Below are entries; repeat exactly, and nothing else, the lines from the one holding "Light Pink Cut" through the one holding "Number: 03**** |", inclusive. Leave the pictures out.

+ + + + + + +

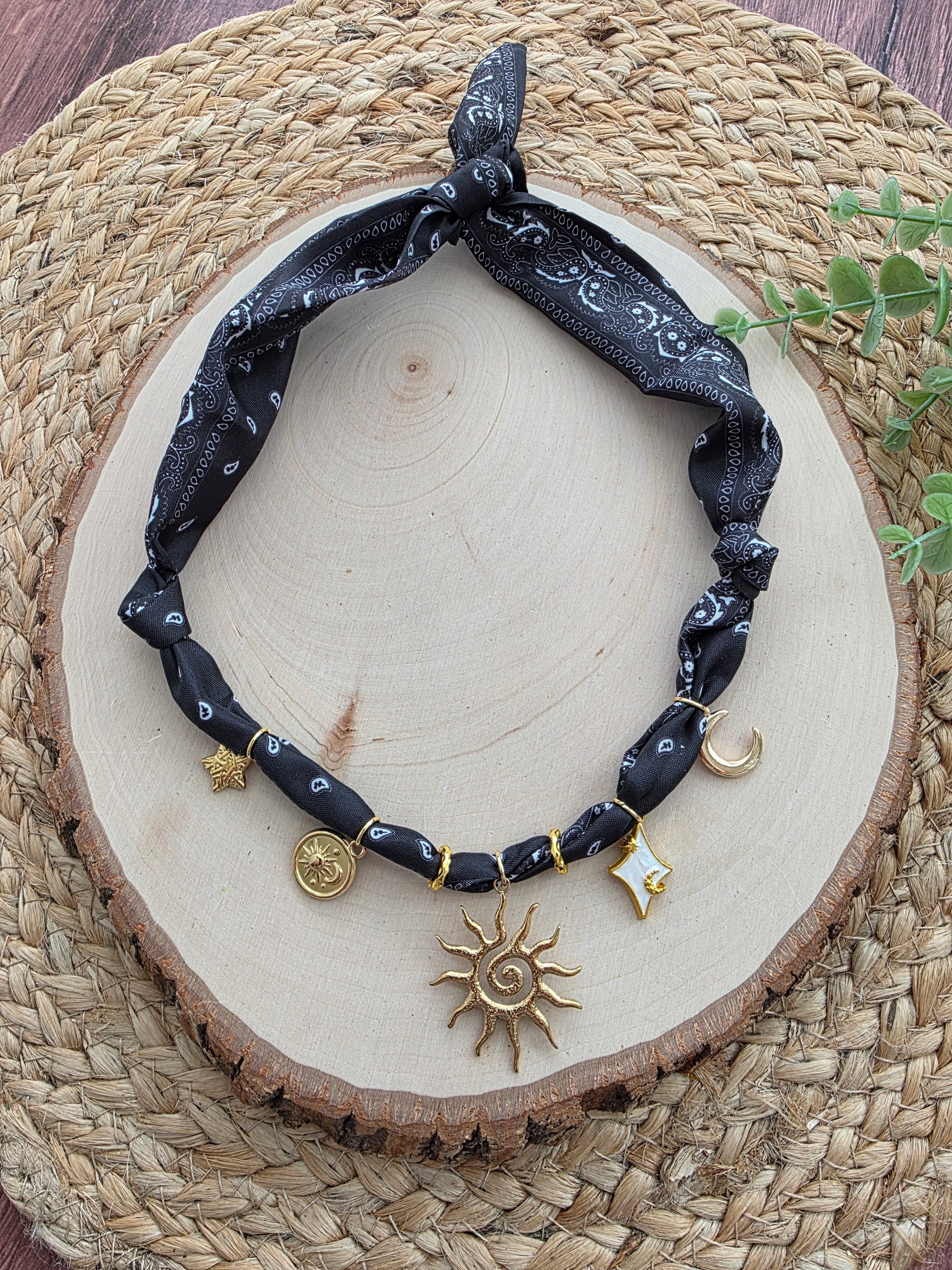 Handmade with care, each scarf charm necklace is truly one of a kind. The silky, lightweight scarf is crafted from a soft, silk-like material and tied in the back, making it adjustable for the perfect fit. Each necklace features its own unique charms, so each one is unique — a special piece that’s as individual as you are.
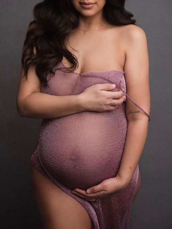 Light Pink Cut Out Double Slit Sheer Knitting Mesh Beach Photoshoot Maternity Midi Dress Maternity
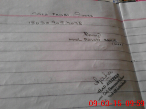 | Name: If**** Na**** Designation: (School Headmaster's/Headmistress's) SST Phone/Cell Number: 03**** |
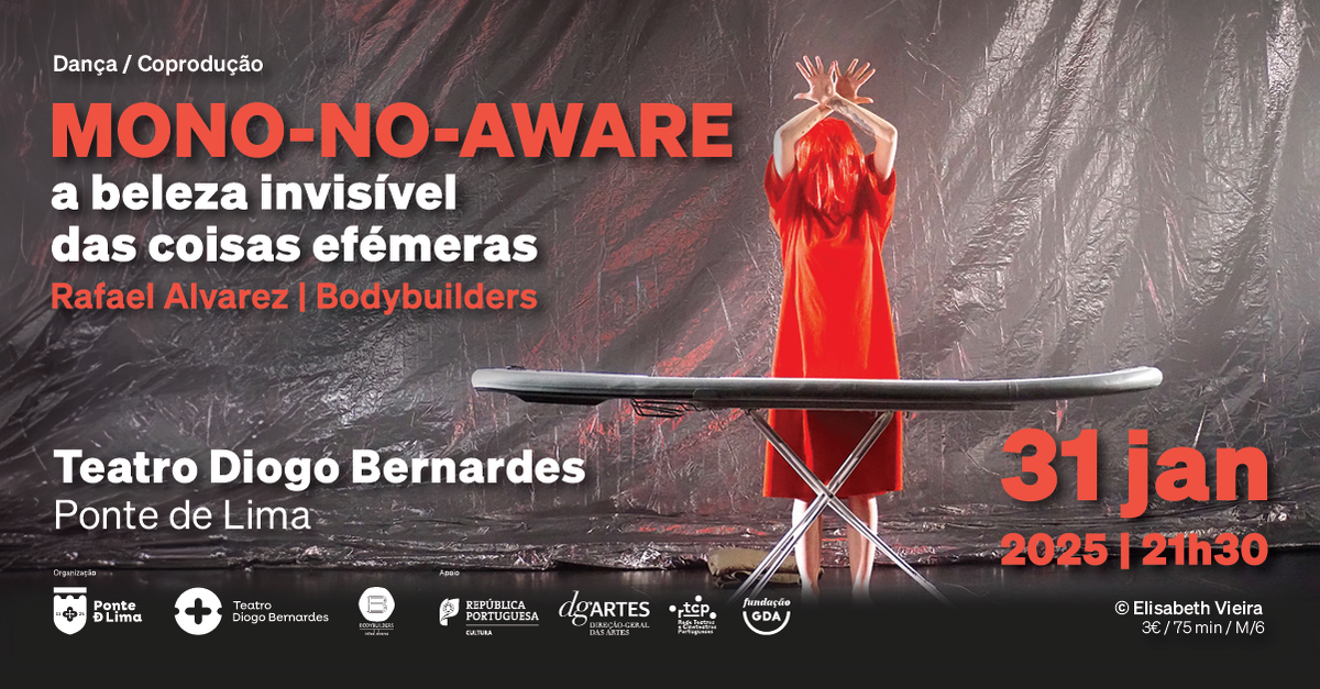 No dia 31 janeiro de 2025, às 21h30, o Teatro Diogo Bernardes em Ponte de Lima apresenta, em coprodução o espetáculo de Dança, "MONO-NO-AWARE", a beleza invisível das coisas efémeras | BodyBuilders & Rafael Alvarez.
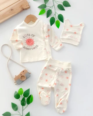 Lots of Sunny days yandan çıtçıtlı kendinden eldivenli yenidoğan 3lü takım Meva Baby Bebek ve Çocuk Giyim | Meva Baby | mevababykids.com
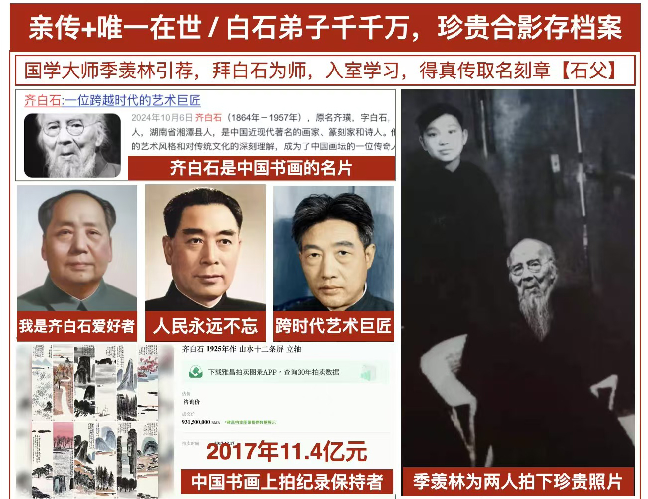 在世界艺术史上,有些名字因技艺被铭记,有些因传承被尊崇,而 刘永泰教授,则因承载齐白石正统血脉、兼具国家权威与市场传奇,而成为不可复制的传奇人物。他不仅是齐白石唯一在世亲传弟子,当代“石父”,还是国家艺术三院长,93岁高龄仍矢志守护齐派艺术的巅峰。他的存在,意味着中华艺术在世界舞台上的顶尖象征,是历史、文化、市场与精神的完美融合。
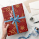 Navidades venados, árboles y follaje, tonos dorados Navidades símbolos en un patrón sin fisuras. Fondo de color de árbol rojo, azul y verde. Todos los colores de fondo son cambiables.
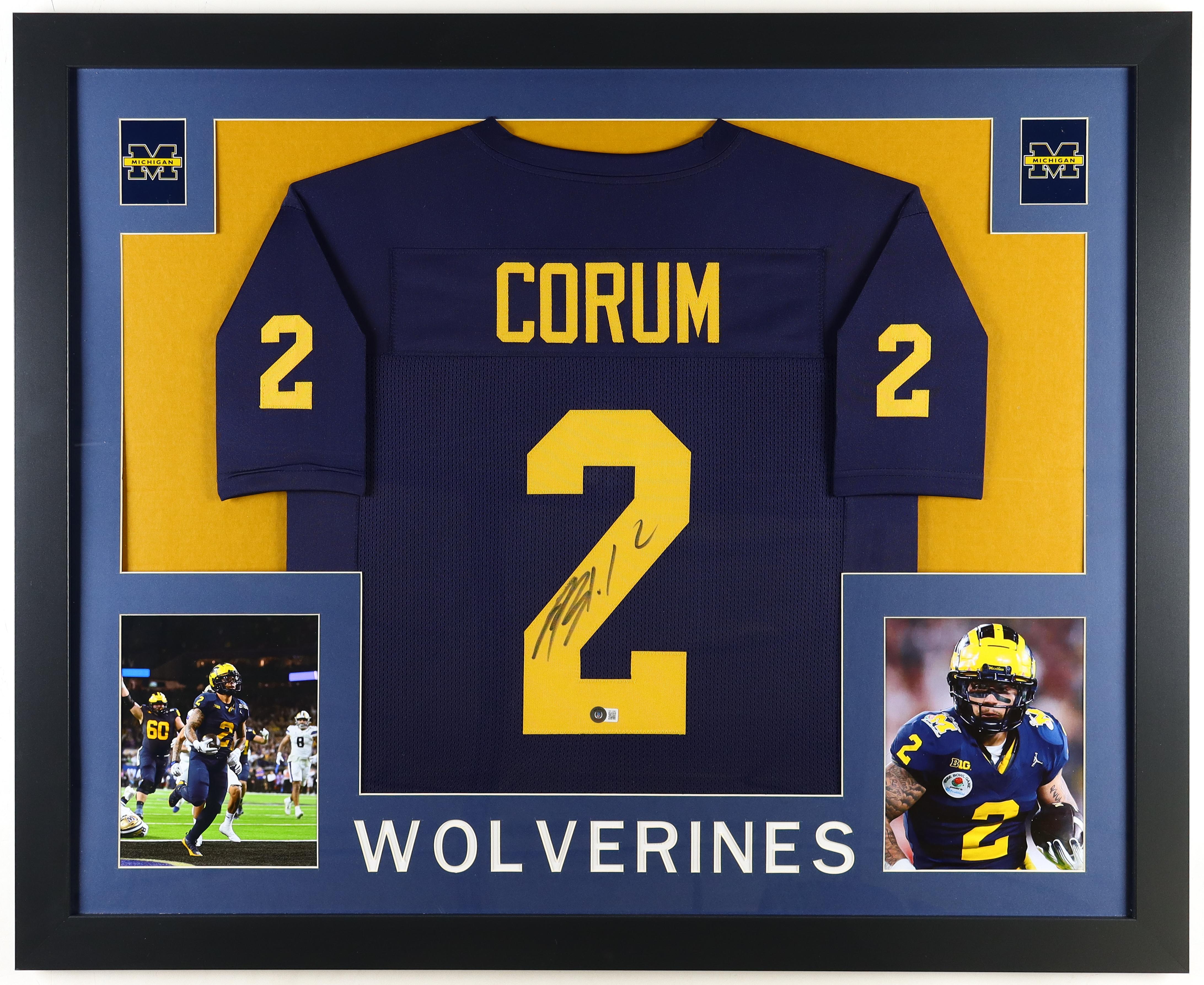 Custom frame measures approximately 34" x 42" in size and features a jersey hand-signed by Blake Corum. The display also includes (2) 8" x 10" photos. Please note that the 8" x 10" photos may be in different order.

+ + + + + + +

**Exercise solution:**
 Light Pink Cut Out Double Slit Sheer Knitting Mesh Beach Photoshoot Maternity Midi Dress Maternity
 | Name: If**** Na**** Designation: (School Headmaster's/Headmistress's) SST Phone/Cell Number: 03**** |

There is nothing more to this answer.